● Task goal: The lines from the one containing "polished Honey Gold™." to the end of the entries, both included, are what you need to transcribe exactly, without pictures and without anything else.

● Data under study:
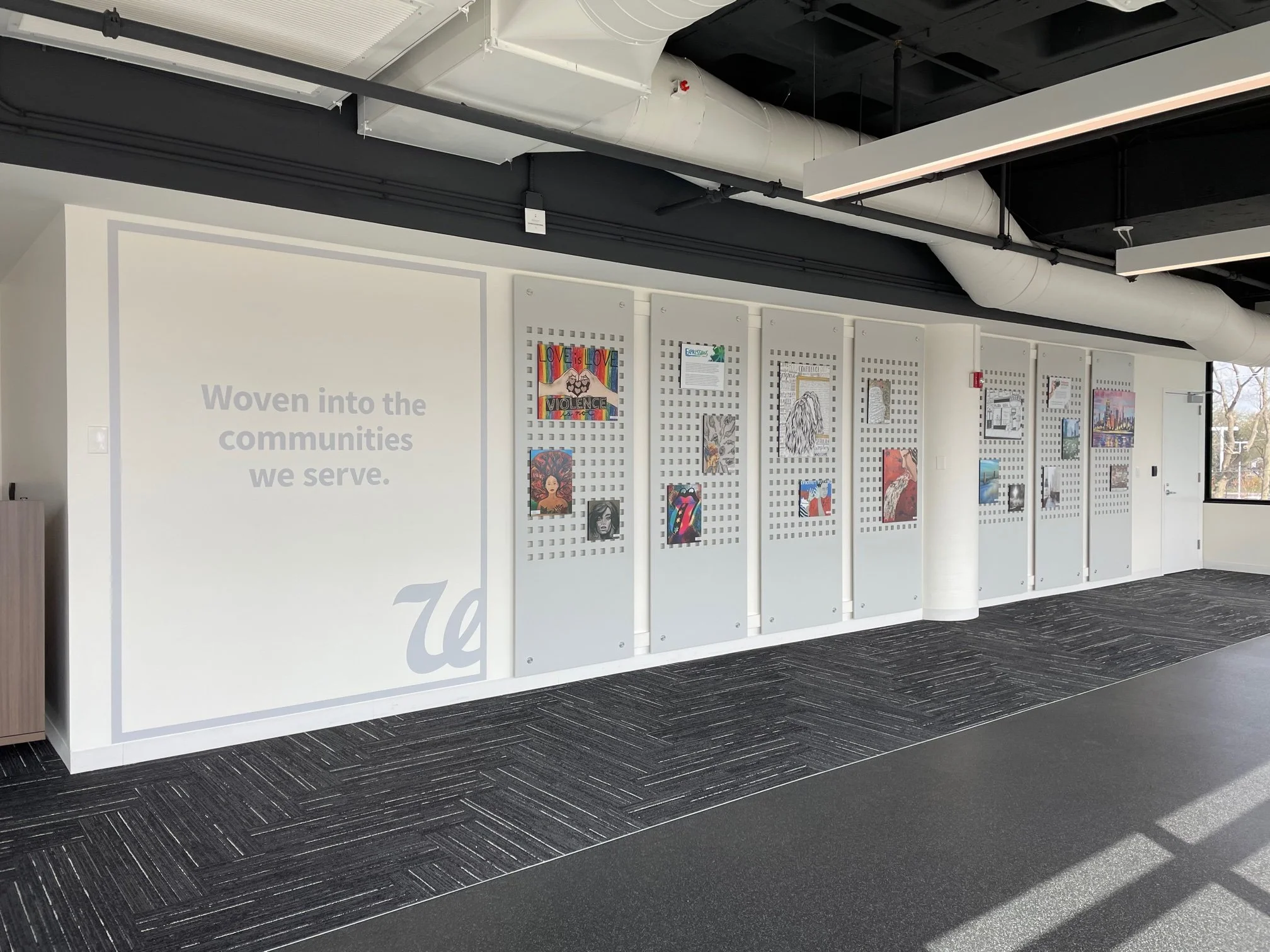 This interchangeable art installation wall currently features student art through our outreach program Expressions, a platform established by Walgreens to educate, empower and equip young people and their community with insights and resources on issues impacting teens. The goal of this space is to be able to highlight the talents of not only our communities, but our employees as well.
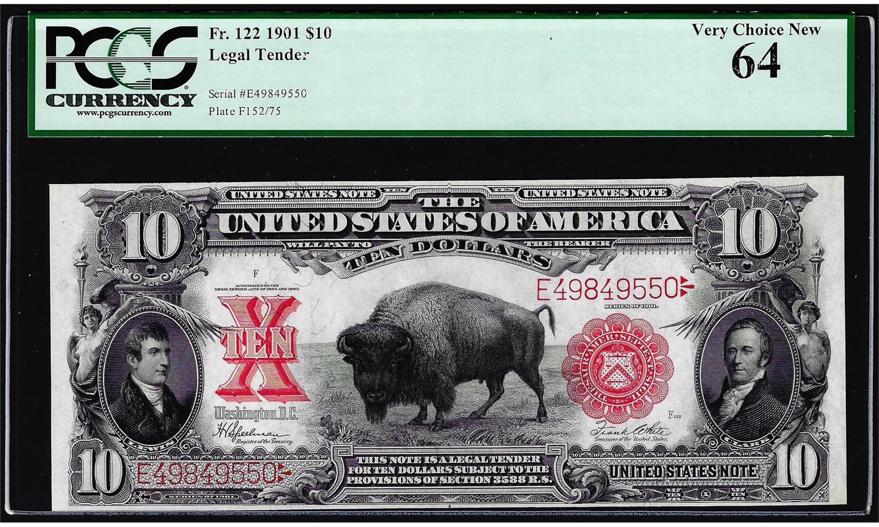 One 1901 $10 Bison Legal Tender Note Fr.122 PCGS Very Choice New 64. PCGS Graded.
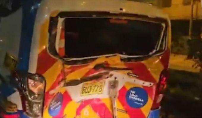 Tras el accidente del motociclista se procedió a cercar este espacio; no obstante, minutos después apareció una miniván que, aparentemente no se percata de las diligencias que ocurrían en este punto de la Vía de Evitamiento y terminó impactando contra la unidad de Lima Expresa.
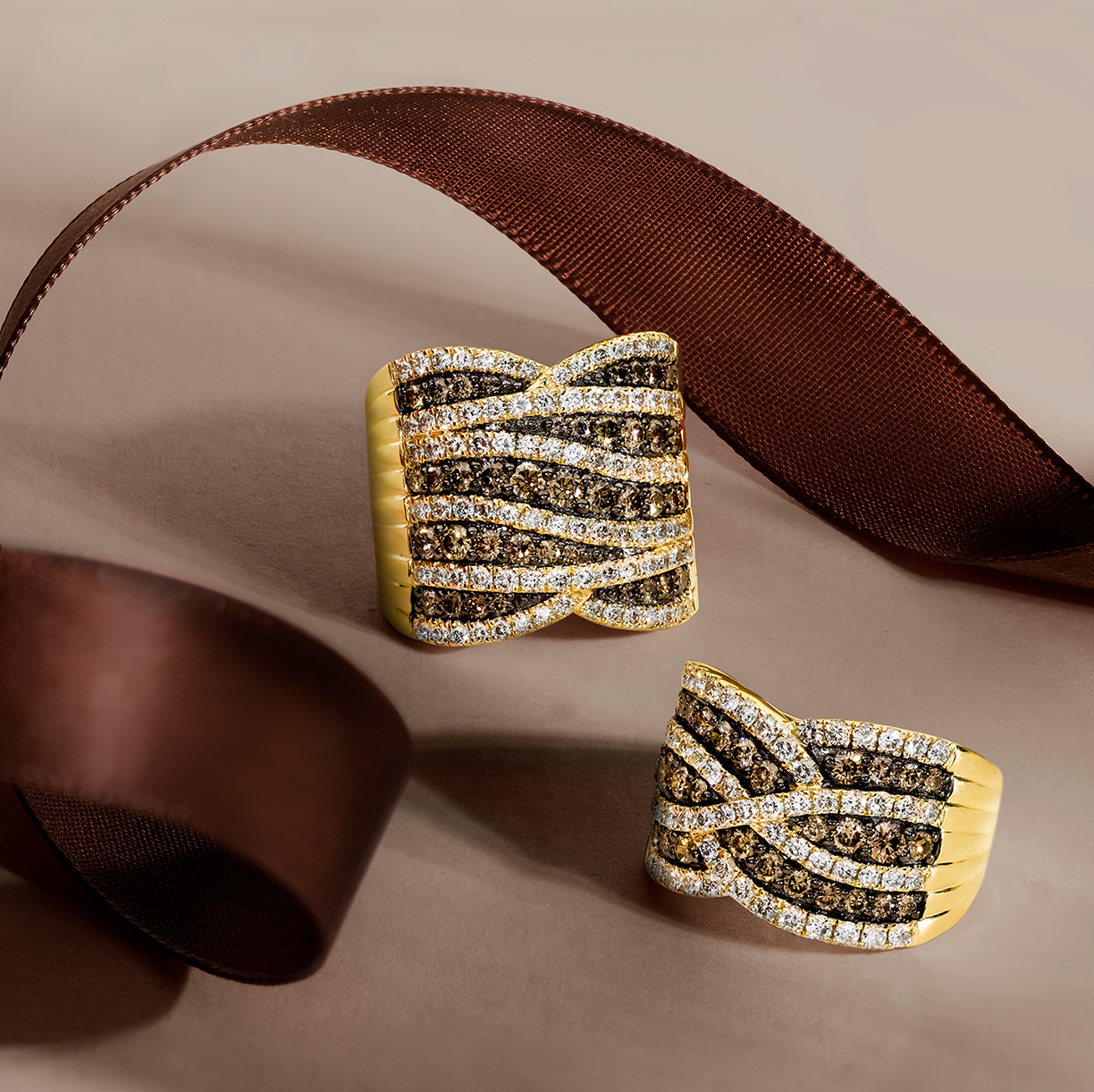 • Wrapped in Chocolate™ is the exclusive new iteration of Le Vian’s Chocolate Shavings™ collection. Fresh, light and tactile designs, created to entice the senses, see swirling ribbons of Chocolate Diamonds® and Nude Diamonds™ twist and wrap around gleaming polished Honey Gold™.
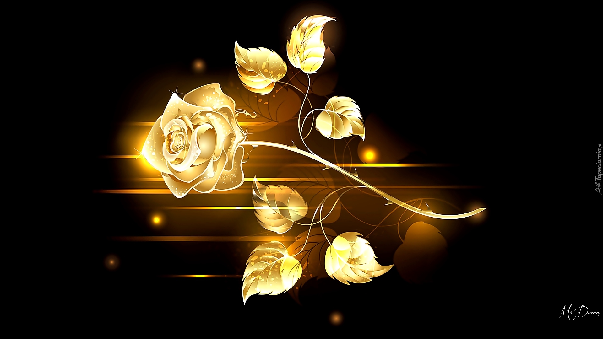 Edytor tapety: Złota róża z listkami w grafice

● Result:
 • Wrapped in Chocolate™ is the exclusive new iteration of Le Vian’s Chocolate Shavings™ collection. Fresh, light and tactile designs, created to entice the senses, see swirling ribbons of Chocolate Diamonds® and Nude Diamonds™ twist and wrap around gleaming polished Honey Gold™.
 Edytor tapety: Złota róża z listkami w grafice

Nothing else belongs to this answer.